Lei 29 anni, lui poco più di 30, erano arrivati nel Piceno dopo essersi sposati.
Il 18 aprile 2011, subito dopo pranzo, partirono per Colle San Marco, almeno così raccontò il marito. Lassù, però, Melania non arrivò mai. In una tappa al bosco delle Casermette venne uccisa brutalmente da Salvatore, pugnalata oltre 30 volte, probabilmente alle spalle e mentre quel marito tanto amato le teneva una mano sulla bocca.
Quel corpo di donna, peraltro con i pantaloni a metà coscia, verrà ritrovato due giorni dopo da un uomo di passaggio mai identificato.
In quel 18 aprile Parolisi entrò al ristorante bar del Cacciatore insieme alla figlia. Era in preda al panico, andò in bagno e vomitò. Raccontò che la moglie era scomparsa, che si era allontanata per andare in bagno e non era più tornata. Secondo gli inquirenti aveva ucciso già la moglie al Bosco delle Casermette di Ripe di Civitella ed era arrivato a Colle San Marco nel tentativo di depistare le indagini.
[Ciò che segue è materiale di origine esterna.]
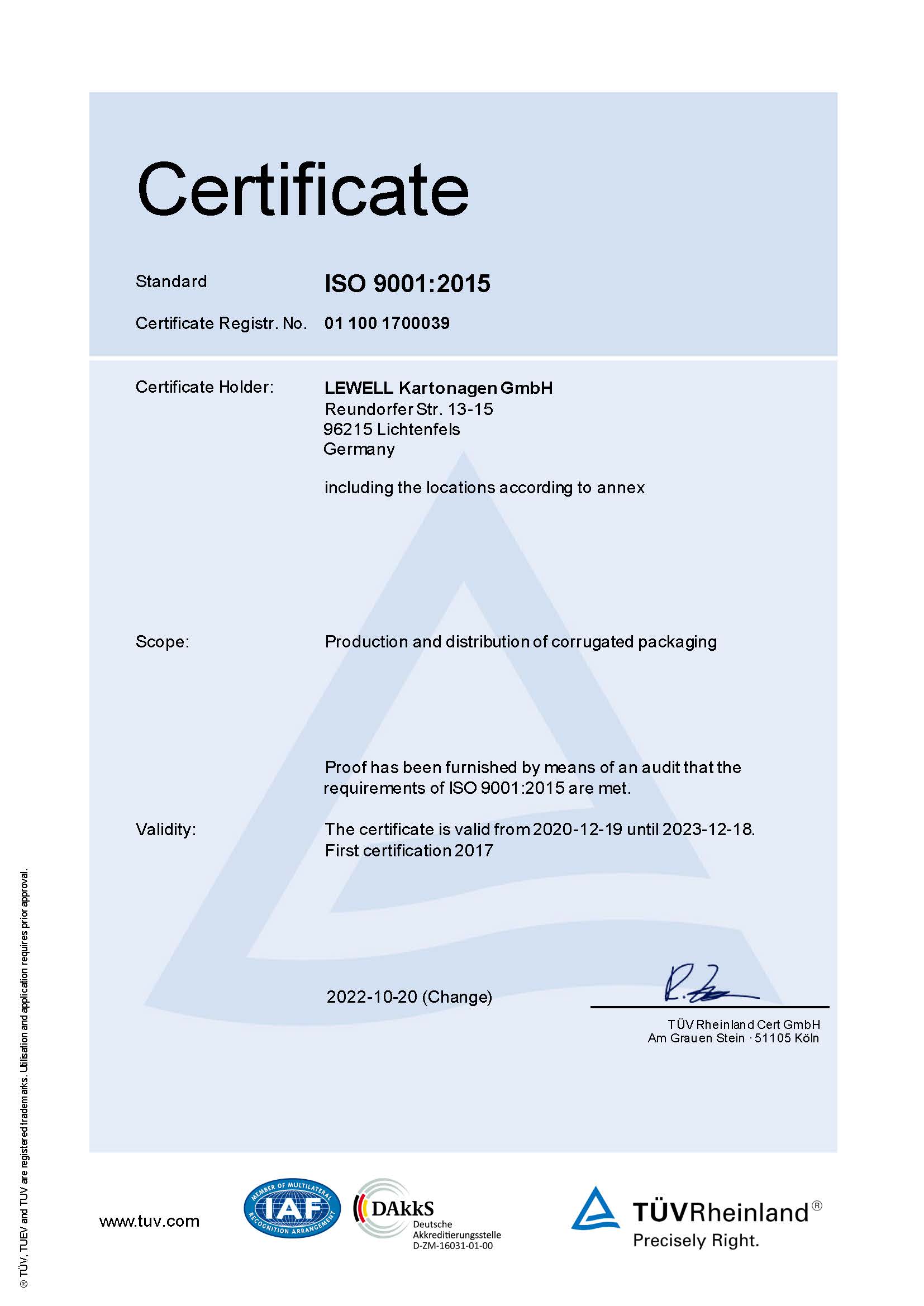 Processes that work properly are the foundation for consistent quality. Lewell’s quality system has been certified according to DIN EN ISO 9001:2015 since as far back as 1999. It guarantees both the quality of our products and of our internal processes in a verifiable way.

Indagando si scoprì che il soldato non era nuovo ad avventure extraconiugali ma che aveva una relazione, da mesi, con un’altra donna: Ludovica. E proprio questo legame potrebbe essere stato la miccia del delitto. Il movente. Ora Parolisi scontando la sua pena a vent’anni di carcere, dopo la pronuncia della Cassazione. Ha perso la patria potestà della bambina che oggi usa il cognome della madre ed è affidata ai nonni. Ha studiato all’università mentre era in carcere e sogna una seconda vita, ripetendo sempre di essere innocente e che avrebbe sì tradito la moglie ma non l’avrebbe uccisa.